I’d love to take the high road like Sam Caplan does and say I don’t find this funny, but it is kinda funny. While on the surface it seems like Quinton Jackson is making fun of retards, I read it like Quinton Jackson is making fun of Jeff Sherwood. Yes, the other guy in this video is Jeff ‘Sherdog’ Sherwood in all his glory. And god damnit people, why can’t we all just relax and enjoy a tasteless joke at the expense of the gays and defectives from time to time?
(oh and if you’re looking for that video of Quinton farting on a chick’s face and mocking the Japanese, it’s here)

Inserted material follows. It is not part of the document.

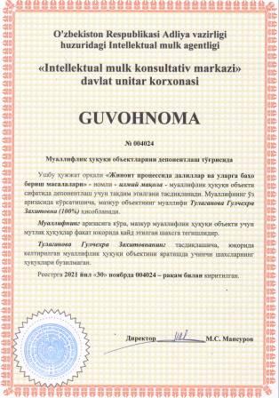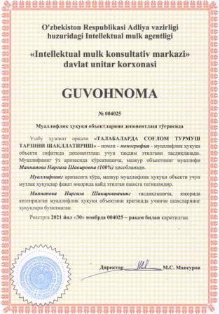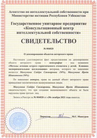 | 6072 | №004020 | Монография - "Методы лечения острого герпетического стоматита у детей. Клинико экспериментальное исследование" | Махсумова Сайёра Санжаровна (50%), Махсумова Ирода Шавкатовна (50%) | Махсумова Сайёра Санжаровна, Махсумова Ирода Шавкатовна | 11/30/2021 | ![]() |

Of course, you could make the case that even the guys that wash out of the UFC are just way better than most guys in other organizations. Which is why it makes sense for Strikeforce to lock these guys up as soon as they get ditched. Of course, it’s a problem that these guys look at Strikeforce as a way back into the UFC rather than a home. And given that, it’s an even bigger problem when these guys want to fight your promotion’s main stars:
With the victory, Riggs (27-9) could be in line to test Cung Le (Pictures) later this year.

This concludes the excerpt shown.